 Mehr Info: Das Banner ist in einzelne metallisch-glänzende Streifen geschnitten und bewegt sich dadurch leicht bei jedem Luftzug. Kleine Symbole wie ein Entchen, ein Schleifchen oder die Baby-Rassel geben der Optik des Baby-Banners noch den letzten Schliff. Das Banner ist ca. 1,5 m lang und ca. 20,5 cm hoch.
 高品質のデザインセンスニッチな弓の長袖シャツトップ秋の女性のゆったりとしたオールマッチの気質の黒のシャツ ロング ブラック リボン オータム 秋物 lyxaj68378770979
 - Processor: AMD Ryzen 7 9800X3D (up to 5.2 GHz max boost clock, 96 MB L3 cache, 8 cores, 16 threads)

* * *

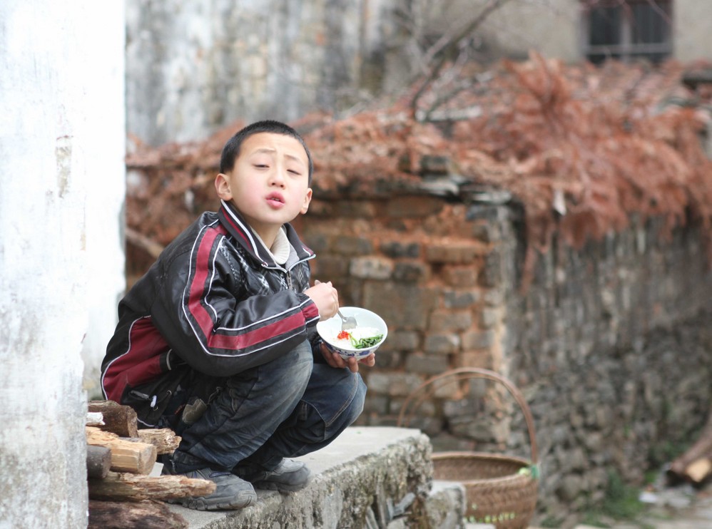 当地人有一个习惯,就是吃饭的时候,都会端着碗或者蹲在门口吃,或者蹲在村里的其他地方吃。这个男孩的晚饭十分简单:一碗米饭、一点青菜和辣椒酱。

Task item :: Copy exactly the stretch of data above from the line with "Mehr Info: Das" through the line with "- Processor: AMD", and omit all other lines.

Answer box ::
 Mehr Info: Das Banner ist in einzelne metallisch-glänzende Streifen geschnitten und bewegt sich dadurch leicht bei jedem Luftzug. Kleine Symbole wie ein Entchen, ein Schleifchen oder die Baby-Rassel geben der Optik des Baby-Banners noch den letzten Schliff. Das Banner ist ca. 1,5 m lang und ca. 20,5 cm hoch.
 高品質のデザインセンスニッチな弓の長袖シャツトップ秋の女性のゆったりとしたオールマッチの気質の黒のシャツ ロング ブラック リボン オータム 秋物 lyxaj68378770979
 - Processor: AMD Ryzen 7 9800X3D (up to 5.2 GHz max boost clock, 96 MB L3 cache, 8 cores, 16 threads)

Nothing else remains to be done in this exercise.